7.3.2 Bouwregels voor kampeerterrein
-
a. de grondoppervlakte van een stacaravan bedraagt ten hoogste 70 m²;
-
b. de goothoogte van een stacaravan bedraagt ten hoogste 3 m;
-
c. de bouwhoogte van een stacaravan bedraagt ten hoogste 4 m;
-
d. de grondoppervlakte van een trekkershut bedraagt ten hoogste 35 m²;
-
e. de bouwhoogte van een trekkershut bedraagt ten hoogste 3,5 m;
-
f. de grondoppervlakte van een bijzonder recreatieverblijf bedraagt ten hoogste 35 m²;
-
g. de bouwhoogte van een bijzonder recreatieverblijf bedraagt ten hoogste 3,5 m, met dien verstande dat voor ten hoogste 15 bijzondere recreatieverblijven de bouwhoogte ten hoogste 5 m bedraagt;
-
h. per standplaats is één bergplaats of overkapping met een grondoppervlakte van ten hoogste 10,5 m² en een goothoogte van ten hoogste 2,5 m toegestaan;
-
i. per standplaats, trekkershut of bijzonder recreatieverblijf is een vrijstaand gebouw ten behoeve van sanitaire voorzieningen toegestaan met een oppervlakte van ten hoogste 5 m²;
-
j. de afstand tussen stacaravans, tussen trekkershutten en tussen bijzondere recreatieverblijven of een combinatie van deze onderkomens bedraagt ten minste 5 m;
-
k. in afwijking van het bepaalde in lid 7.2.1 onder f bedraagt de afstand van stacaravans, trekkershutten en bijzondere recreatieverblijven tot de gronden met de bestemming "Natuur - Schurvelingen" ten minste 3 m;
-
l. in afwijking van het bepaalde in lid 7.2.2 bedraagt de bouwhoogte van bouwwerken, geen gebouwen zijnde, op standplaatsen ten hoogste 3 m.

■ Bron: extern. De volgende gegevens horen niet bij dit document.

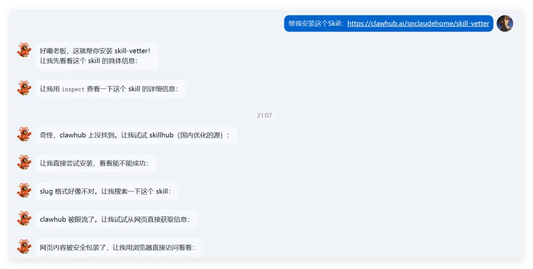 可以看到,真的删掉了skill-vetter的文件夹!!!!!结果呢,不是啊哥?你什么时候会说卧槽....了???????最后来一句是我没认识到skill-vetter的重要性
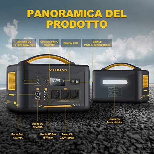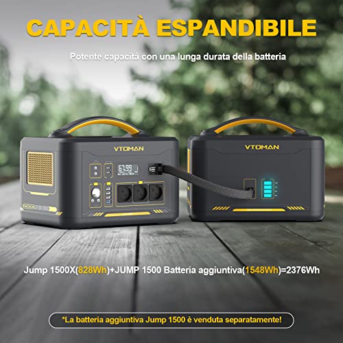 VTOMAN Jump 1500X Power Station con batteria extra, 1500 W/2376 Wh, lunga durata LiFePO4 con potenza continua da 1500 W, regolamentata 12 V DC, PD 100 W Type-C per Home Backup RV, campeggio, Blackout
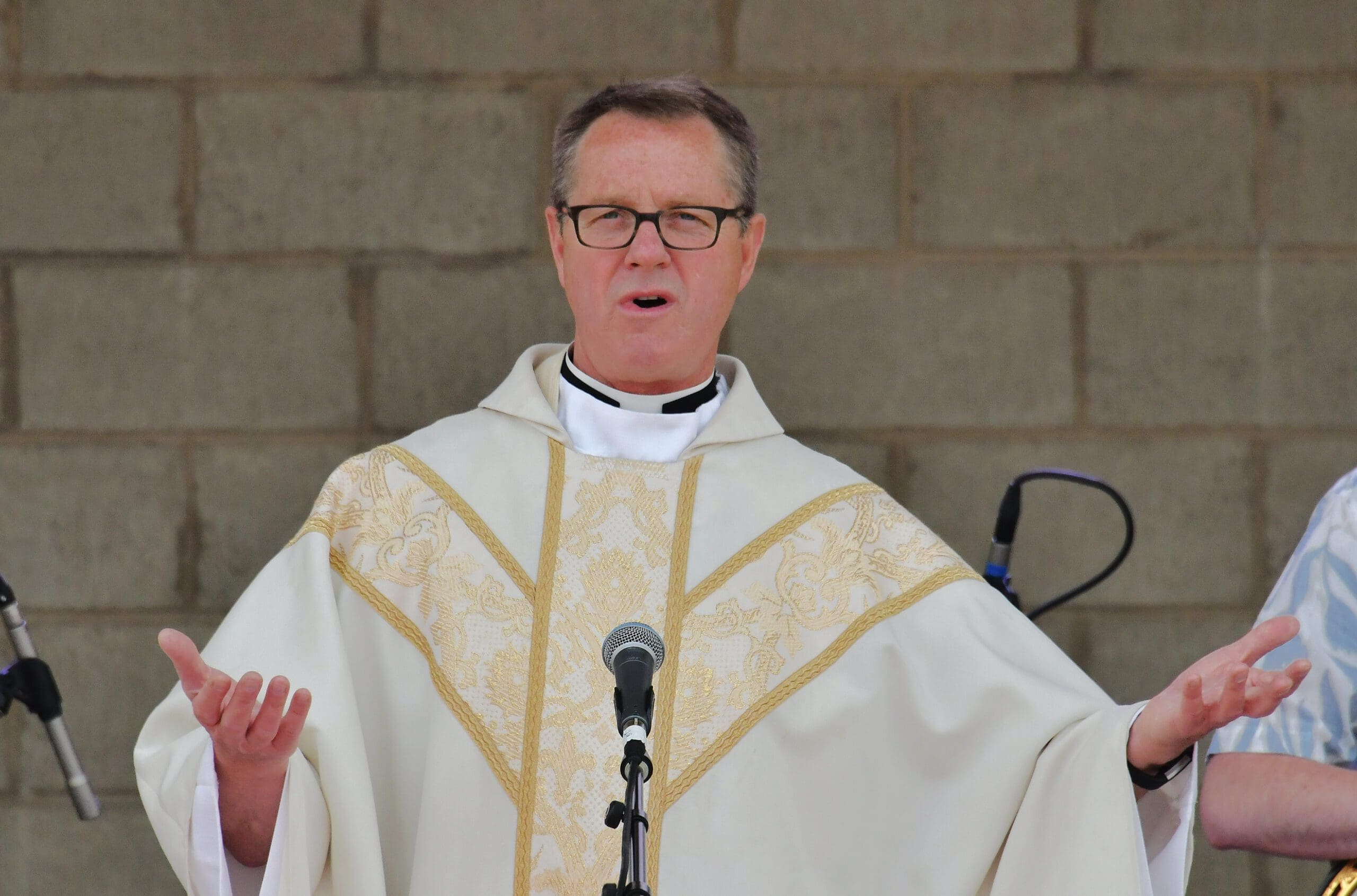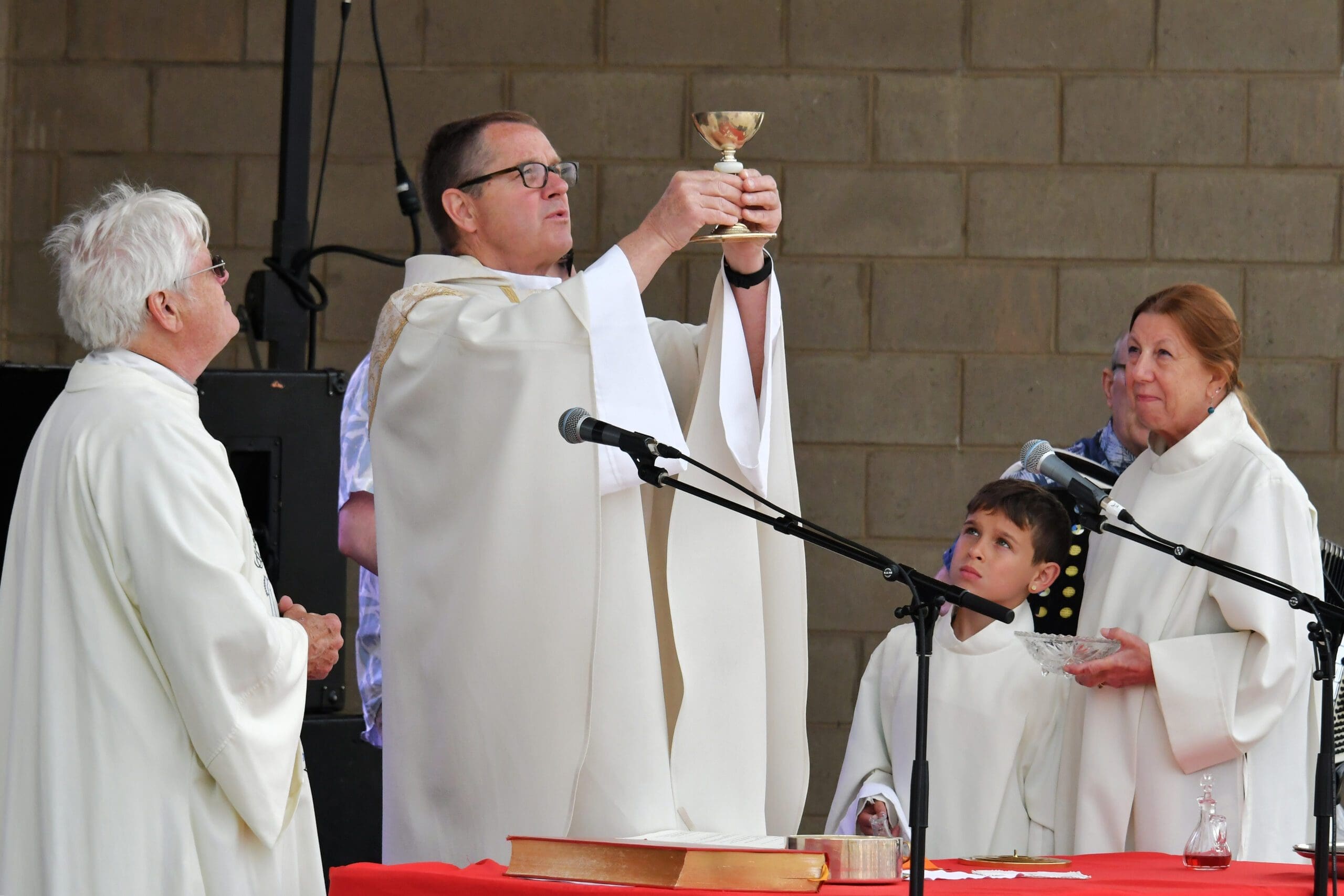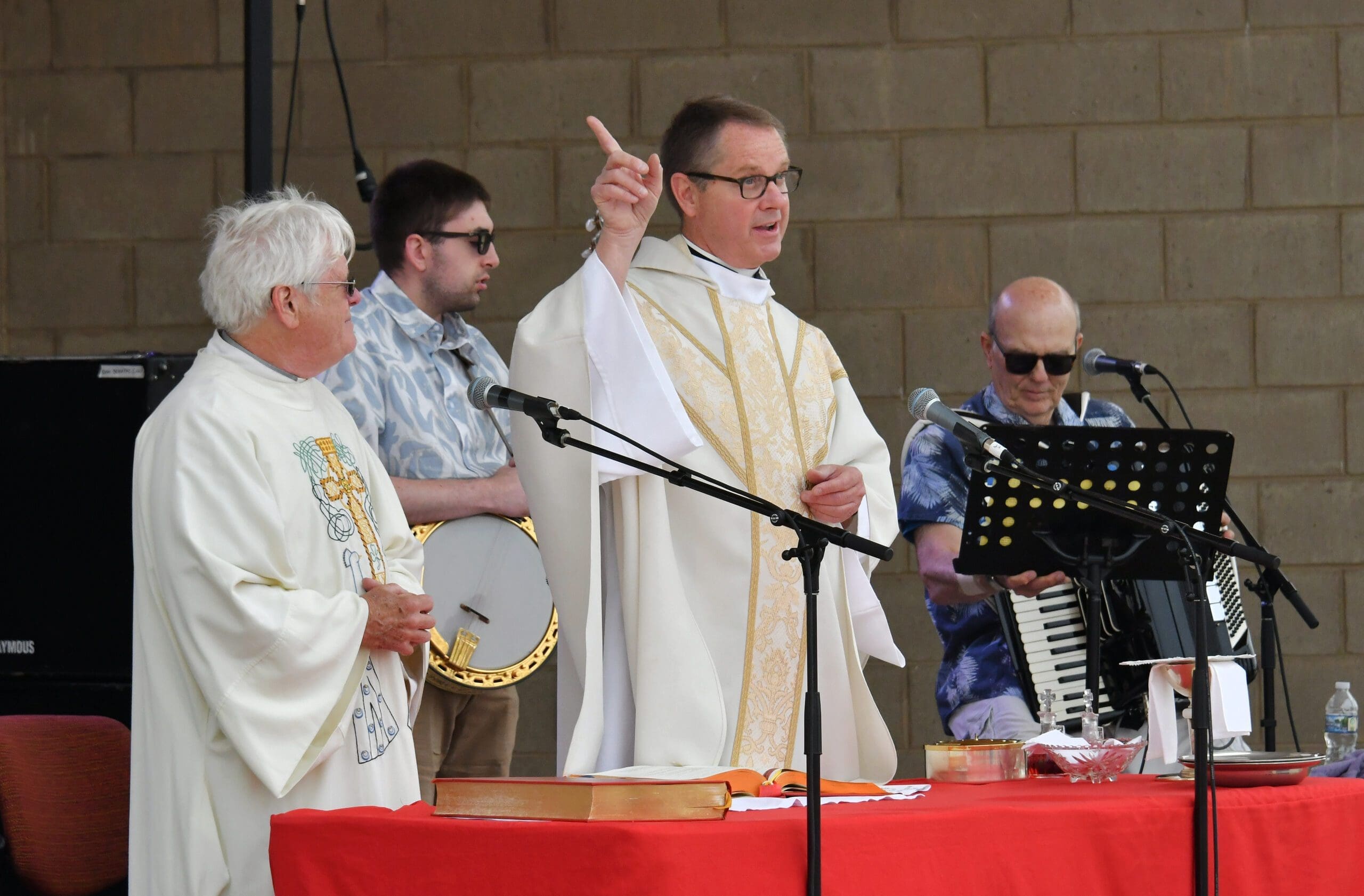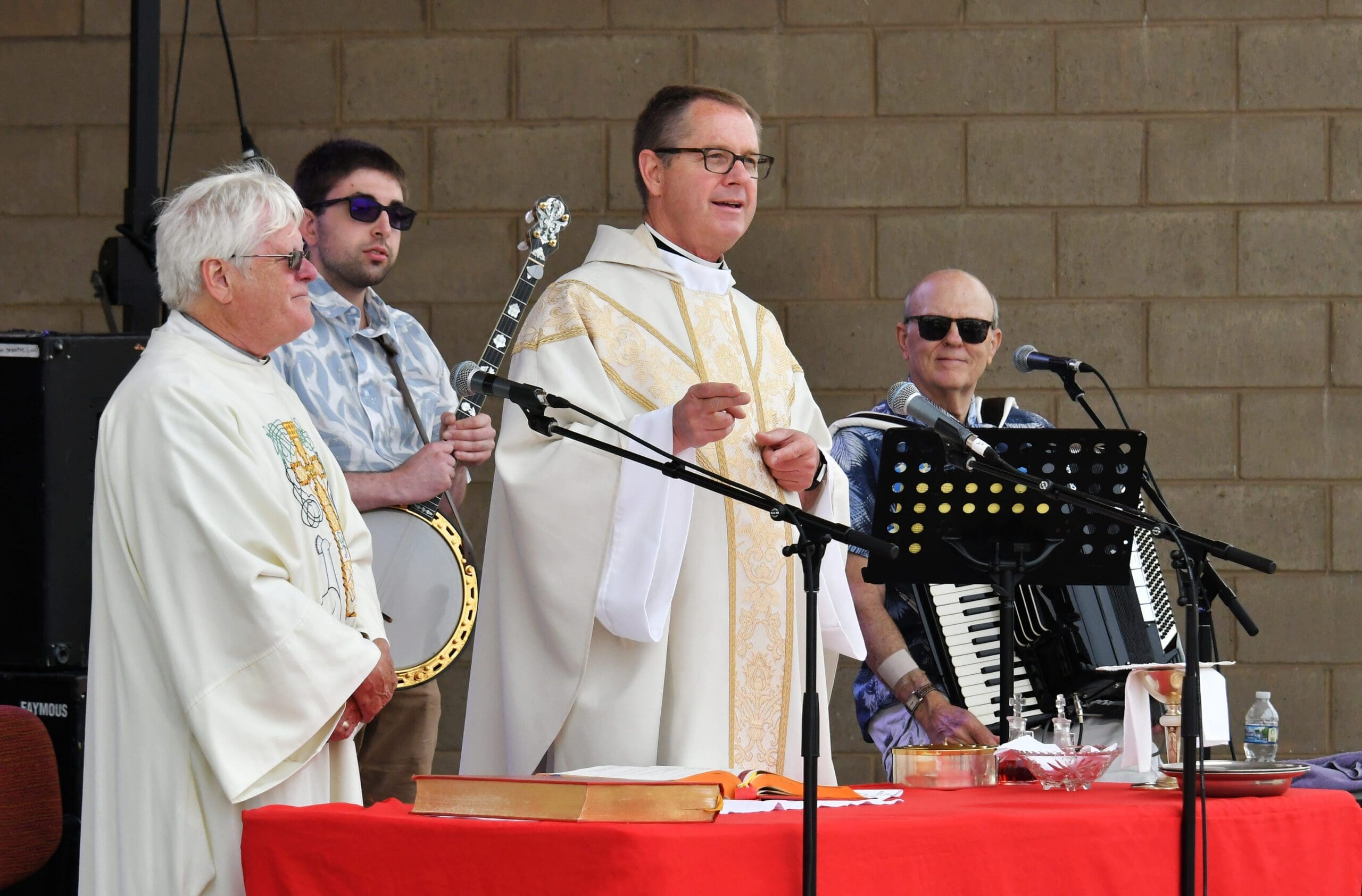 Fr. Tim Kitzke (left), shown with Fr. Christopher Klusman, celebrated a Polka Mass on Sunday, June 4, as part of Crusherfest in South Milwaukee. Crusherfest is an annual celebration in honor of legendary professional wrestler Reggie Lisowski, known to fans as Da Crusher. Lisowski, a devout Catholic, died in 2005. (Photos by David Bernacchi)
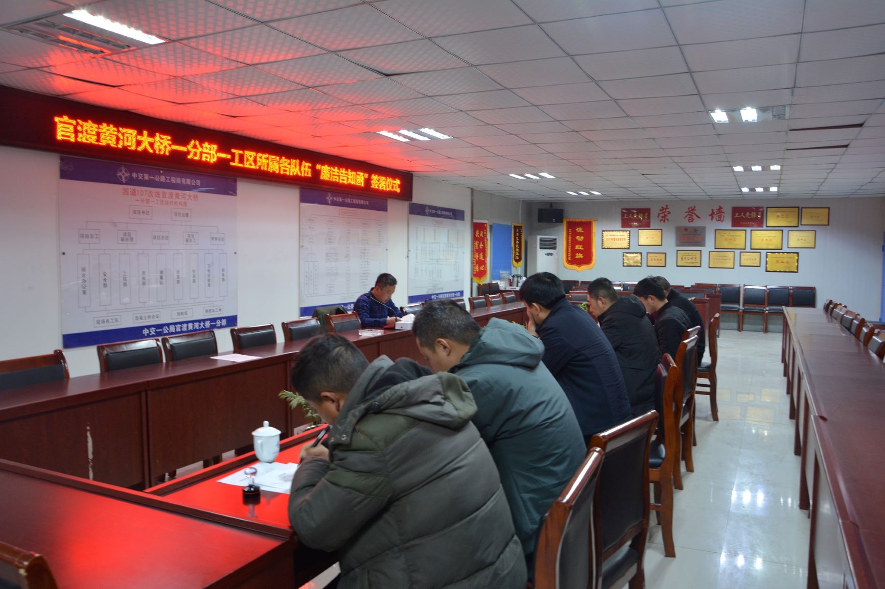 会上,经营部人员将“廉洁告知函”逐一发放给各协作队伍现场负责人,项目书记商胜利告诫各队伍应仔细阅读告知函内容,并签字盖章留存。会后,项目制作了廉洁宣传条幅,在施工现场和协作队伍生活区进行悬挂,营造廉洁文化氛围。 (杜向玉)
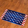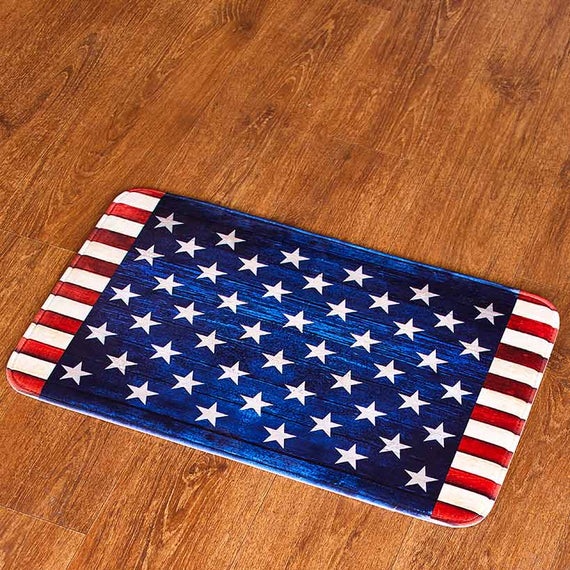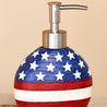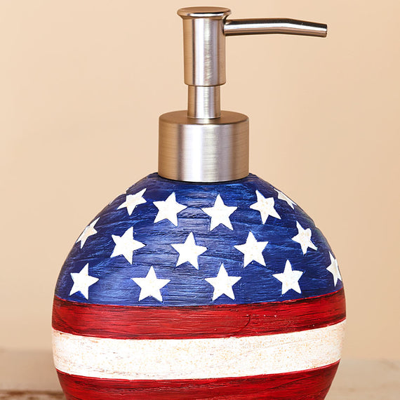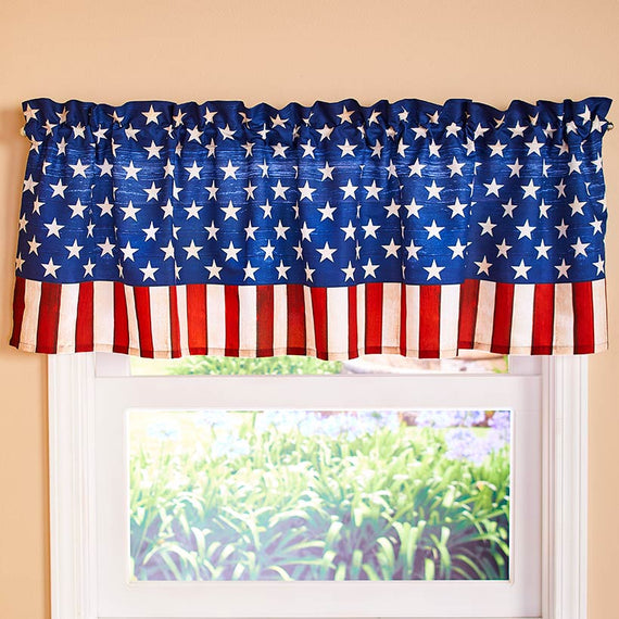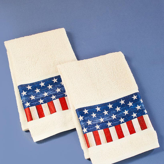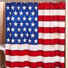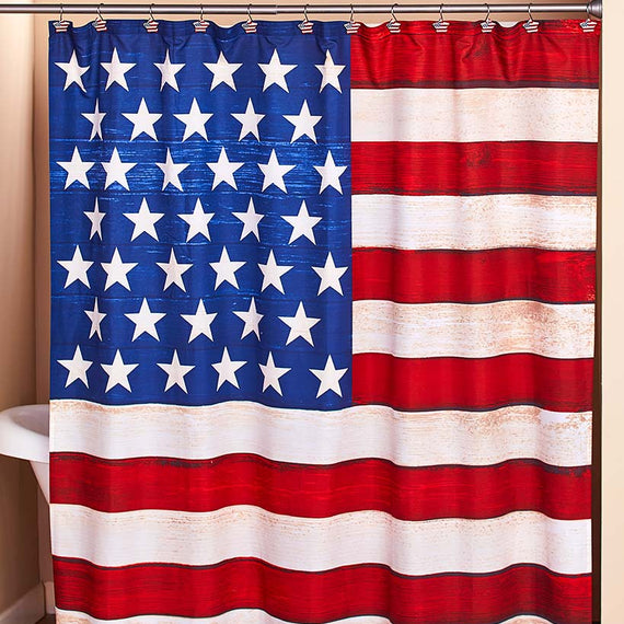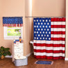 Show your patriotic spirit with this American Flag Bathroom Collection. It includes a Shower Curtain, Set of 12 Hooks, memory foam Rug with a nonslip backing, Set of 2 Hand Towels, Window Valance with rod pocket, Soap/Lotion Pump and Toothbrush Holder.
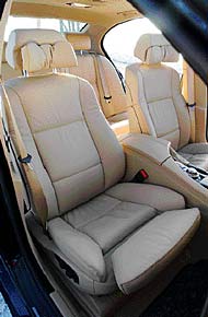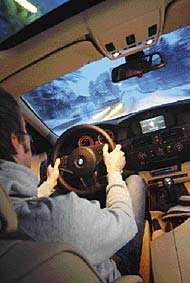 Med vetskapen om en motoreffekt i nivå med förrförra M5:an är det med spänning jag vrider om tändningsnyckeln. Enbart tomgångsljudet på BMWs prestandamodeller brukar ju leda till välmående. V8:an studsar igång direkt, dämpat, utan något behov av uppmärksamhet. Det som istället stjäl intresset är siffrorna i vindrutan… För 13 900 kronor får du hastighet, navigationspilar och varningssymboler projicerade i rutan. Inte direkt nyskapande, men genialiskt. Flygindustrin har använt tekniken i åratal. Av en anledning, att aldrig behöva släppa blicken från det som är allra viktigast; det som händer framför fordonet. Siffrorna syns lika bra i starkt solljus som på natten och det bidrar till att bland annat hela tiden ha bra koll på hastigheten. Valet av information i rutan är inställbar. Tyvärr hamnar informationen lite för lågt på rutan vilket kan göra den svåravläst vid vissa körställningar. En höjdinställbar projicering vore det ultimata. ”Bakgrundsljuset” som blir runt texten i rutan känns dock lite billigt i det exklusiva sammanhanget. Väljer du även till klimator/Aktiv fartkontroll, 19 500 kronor extra, är fortkörningsböter historia. Ställ hastigheten du vill hålla. Tillåter trafiken endast lägre hastighet håller bilen ett konstant avstånd till fordonet framför. När det blir fritt ökas farten. Systemet jobbar med en radarsensor och upptäcker fordon på 120 meters håll, utan att störas av fordon i andra filer. Mercedes har haft ett liknande system med ”aktiv farthållare” länge. Tillsammans med möjligheten att kunna välja bland annat röststyrning av en rad funktioner, samt den aktiva styrningen, får dock 545i högt betyg för ”ny teknik i klassen”. Motorn delar BMW 545i med syskonen 645i och 745i. Den varvar från botten till stoppet vid 7 000 varv utan minsta vibration. En riktig juvel som här, liksom i 745i, gör sitt jobb diskret och utan att någon gång låta ansträngd. Vridmomentskurvan har en topp på drygt 450 Nm vid 3 600 r/min. Fullgasacceleration är en ganska mäktig upplevelse. Sprinten till hundra avverkas på 6,4 sekunder, ytterligare knappt 8 sekunder senare passeras 160 km/h. Men maskeringen av fartökningen är stor och det är först när bilen får sträcka ut på motorväg med fri fart som man blir riktigt imponerad. Snabb, smidig och grymt effektiv. Betyget 91 procent för motor och växellåda är imponerande. Diskretion tycks verkligen vara ledordet BMW-teknikerna jobbat med vid utvecklingen av avgassytemet. Jämfört med syster 645i är avgasljudet extremt dämpat. Men den lilla ljudmattan som letar sig in i kupén vid urvarvning är faktiskt mer BMW-sexa än ljudet av åtta cylindrar. Att prestera men inte märkas går igen i allting. Ingenting exteriört avslöjar att det inte rör sig om en ”simpel” 520i. Inte ens vid start på parkeringsplatsen är det någon som hör någon större skillnad. BMW 545i är verkligen en bil för den som inte behöver skylta med vad han har. Tittar man in i bilen finner man en väldisponerad förarplats med lagom mycket knappar. iDrive har dammsugit interiören på knappar vilket i och för sig har både för- och nackdelar. Men det ger ett ganska prydligt intryck. Testbilen är utrustad med komfortstolar för 9 200 kronor extra. De är ett under av inställningsmöjligheter och ergonomi. Med ett betyg på 96 procent i sittkomfort är det inget snack. Världsklass! Efter nästan 140 mil och tre dagars testande hittar vi plötsligt ännu en knapp med vilken man kan pumpa upp sidostödet i stolen. Med de justerbara huvudkuddarna runt nacken, det tvådelade ryggstödet lagom framvikt i överkant för att stödja axlarna, och sidostödet uppumpat sitter man som i ett mjukt, men bestämt skruvstäd. Underbart.
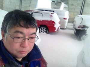 写真は、JRの駐車場の除雪作業にかりだされた北野牧師。
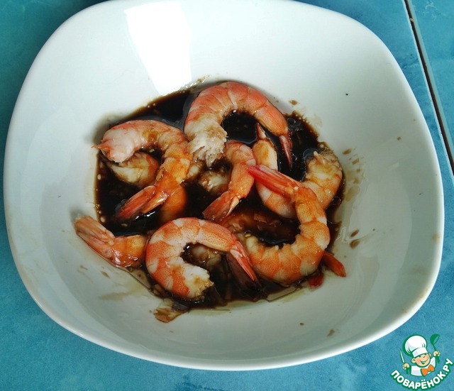 Добавить ссахарную пудру, бальзамический уксус, соевый соус, в котором мариновались креветки, сок и цедру апельсина. Довести до кипения, убавить огонь и держать до карамелизации. Выключить. Остудить.

7.3.3 Bouwregels voor recreatiewoningen
-
a. de inhoud van een recreatiewoning inclusief aan- en uitbouwen en inpandige bergplaats bedraagt ten hoogste de met de maatvoeringaanduiding aangegeven inhoud;
-
b. in afwijking van het bepaalde onder artikel 2 lid 2.6 worden ondergrondse ruimten meegeteld;
-
c. per recreatiewoning is één vrijstaande bergplaats of één vrijstaande overkapping met een oppervlakte van ten hoogste 10,5 m² en een goothoogte van ten hoogste 2,5 m toegestaan;
-
d. de bouwhoogte van aangebouwde overkappingen bedraagt ten hoogste 2,5 m;
-
e. indien de recreatiewoningen niet aaneen worden gebouwd bedraagt de onderlinge afstand ten minste 5 m;
-
f. in afwijking van het bepaalde in lid 7.2.2 bedraagt de bouwhoogte van bouwwerken, geen gebouwen zijnde, op de bij een recreatiewoning behorende grond ten hoogste 3 m.
7.3.4 Bouwregels voor specifieke vorm van bedrijf-1
- de bouwhoogte van bouwwerken, geen gebouwen zijnde, bedraagt ten hoogste 3 m.
7.4 Ontheffing van de bouwregels
Burgemeester en wethouders kunnen ontheffing verlenen van het bepaalde in lid 7.2.1 onder b voor de uitbreiding van recreatiewoningen, met dien verstande dat:
-
a. de goothoogte ten hoogste 5 m bedraagt;
-
b. een hogere goothoogte is toegestaan over maximaal 75% van de oppervlakte van de recreatiewoning.